Отличная новость. Да, мечта сбывается. Я буду играть в пьесе. Я рада. Действительно рада. Но все равно я отношусь ко всему не так, как год назад, и это печалит меня. Но думаю, что я должна исполнить эту роль — исполнить сейчас, если хочу добиться успеха в будущем. Мне нужно представить, что это лучшее из всего, что со мной когда-либо случалось, хотя сейчас я с радостью отказалась бы от своей роли, если бы это могло воскресить Мэми. Это роль в пьесе «Шуламит», самой первой еврейской пьесе, которую я посмотрела, и я буду играть дочь Шуламит. Ту, которую съедает лев. Этого ребенка играть лучше, потому что, если бы я была тем ребенком, которого бросают в колодец, я бы просто промелькнула и исчезла, а так я больше времени проведу на сцене. Лев волочит меня по земле, потом хватает в зубы и тащит со сцены. Много времени для игры. Поэтому я собираюсь очень тщательно работать и репетировать выражения ужаса и боли, которые могут отразиться на лице у человека, которого живьем съедает лев.
Это не так-то просто, когда вас лев съедает. У меня синяки по всему телу. Два человека играют льва, один переднюю часть, второй заднюю. Они залезают под меховую шкуру, к которой приделана огромная голова с зубами из папье-маше, зубы длиной с бананы. Мою голову засовывают в пасть льва. Костюмер нарочно так придумал, потому что это так драматично — увидеть, как мою голову откусывает лев. Но мое лицо повернуто к залу, и зрителям видно выражение ужаса. Ужас я репетирую каждый вечер перед зеркалом. Премьера состоится за две недели до Пурима. Так что у нас почти месяц на репетиции.
После школы Блю пришла посмотреть, как я репетирую, она сказала, что Якоб Адлер стоял за сценой и тоже смотрел на меня, и он сказал начальнику рабочих сцены: «Эта девочка хорошо играет. Смотрите, даже здесь, в этой сцене, где она спокойна, можно увидеть, как она переживает за свою мать, — это хорошая игра». О, Боже, не могу поверить, что он это сказал. Мне нужно как следует подумать, что я такого делала в этой сцене.
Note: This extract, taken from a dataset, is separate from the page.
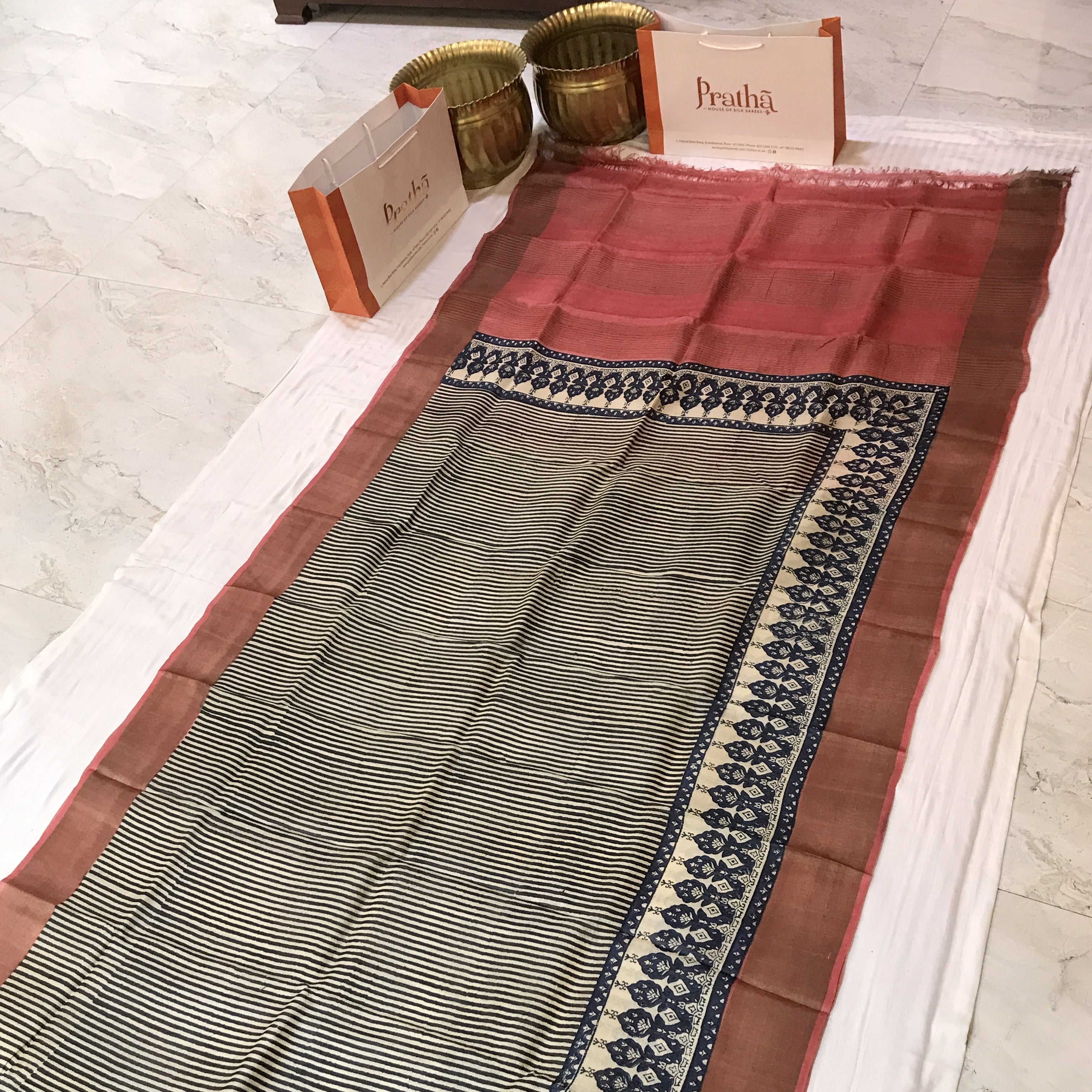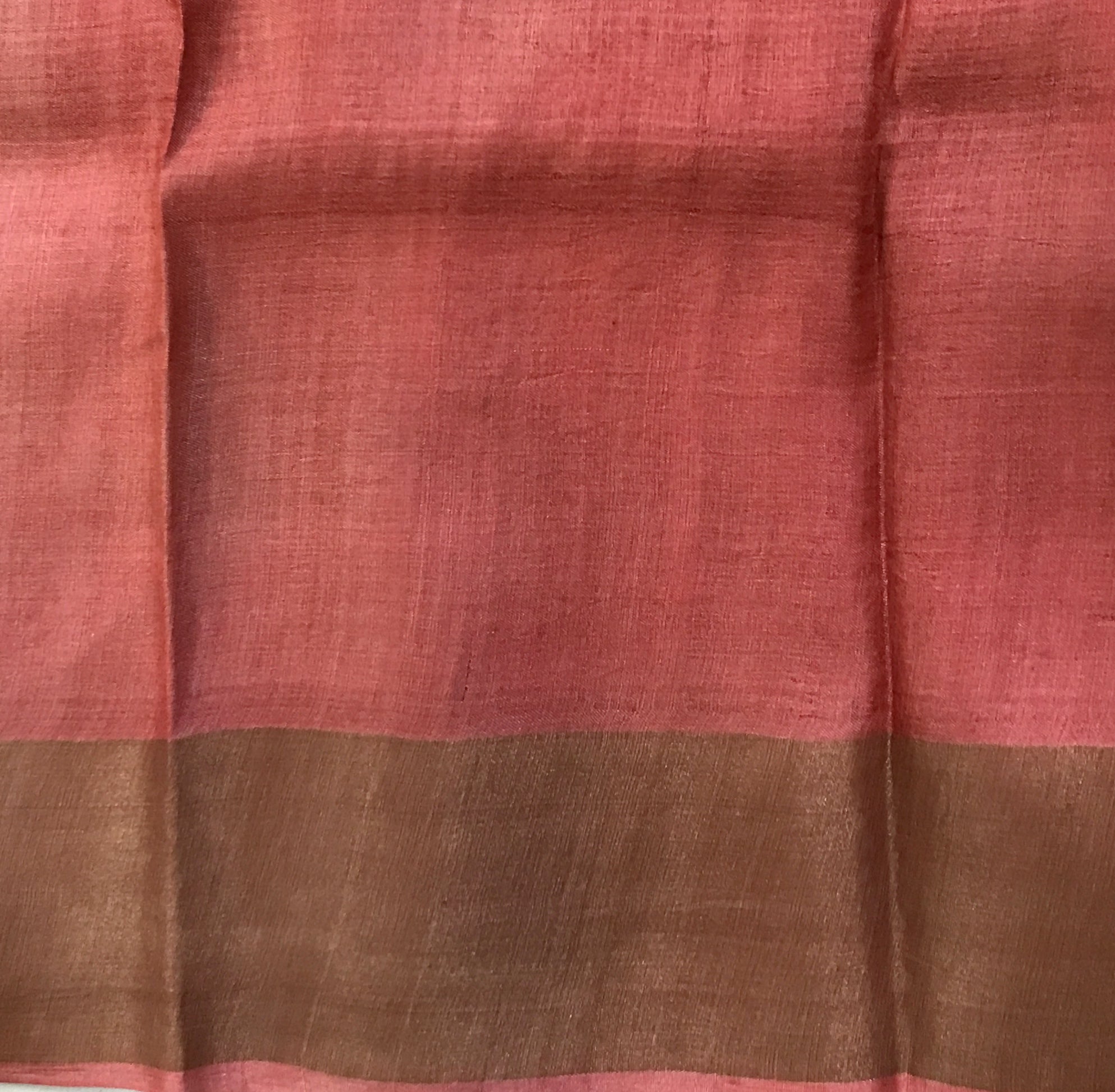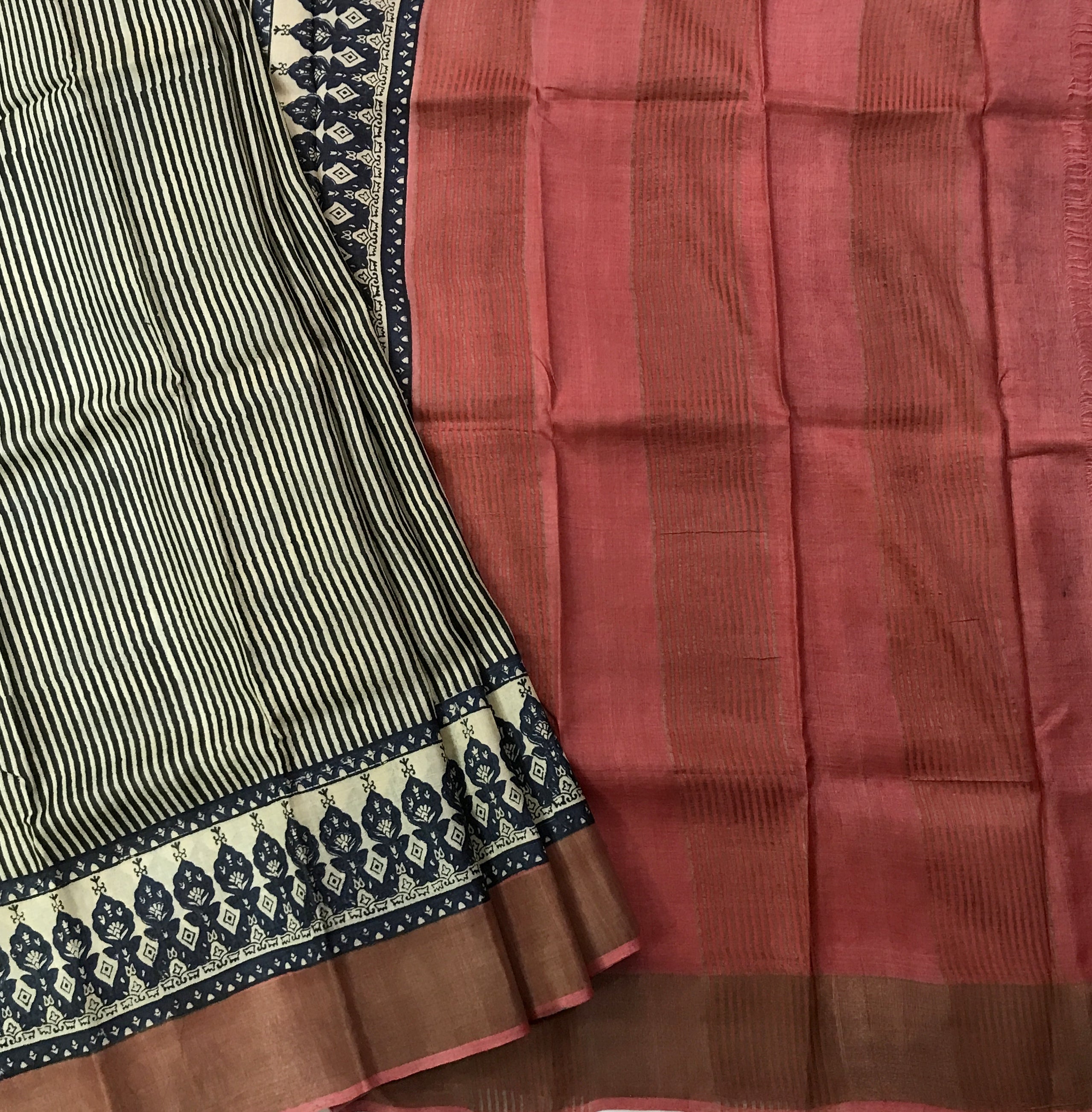 A very beautiful shade of beige saree with an equally fresh zari border , this tussar silk saree is a treat to the eyes! The lovely design with lines and the subtle contrast pink pallu add to the grace of this weave.

Угадайте, что случилось? Мама родила. Мальчика! Мы все так счастливы. Он родился немного раньше положенного времени, но он славный малыш. Очень красный и сморщенный, очень маленький. Мы зовем его Йосель. По-английски Йосель — Джозеф. Но мама говорит, что мы будем называть его Йои. Я гораздо больше обрадовалась, чем ожидала. Мать Блю пришла с акушеркой, чтобы помочь при родах. Роды прошли быстро. Мама отлично справилась. Теперь она вся сияет. Она постоянно повторяет: «Маленький мальчик!» Она разговаривает с ним, говорит ему: «Ты станешь гаоном, талантливым ученым — знатоком Талмуда». Я ей не мешаю, но думаю, что вряд ли мальчики, которые вырастают на Орчад-стрит, мечтают стать гаонами. В Америке слишком много других вещей, о которых можно мечтать. Мэнди сказал, что до приезда в Америку он хотел стать толкователем Талмуда. Тогда он просто не знал никаких других книг, только Талмуд, а потом начал читать. Сначала, по его словам, он «глотал» Чарльза Диккенса и других английских писателей. Потом открыл для себя высшую математику и химию. Их тайны и загадки интриговали не меньше, чем тайны Талмуда. И теперь Мэнди по вечерам ходит в Городской колледж и изучает химию, когда-нибудь он станет доктором. Я бы не возражала, если бы мой маленький брат стал доктором.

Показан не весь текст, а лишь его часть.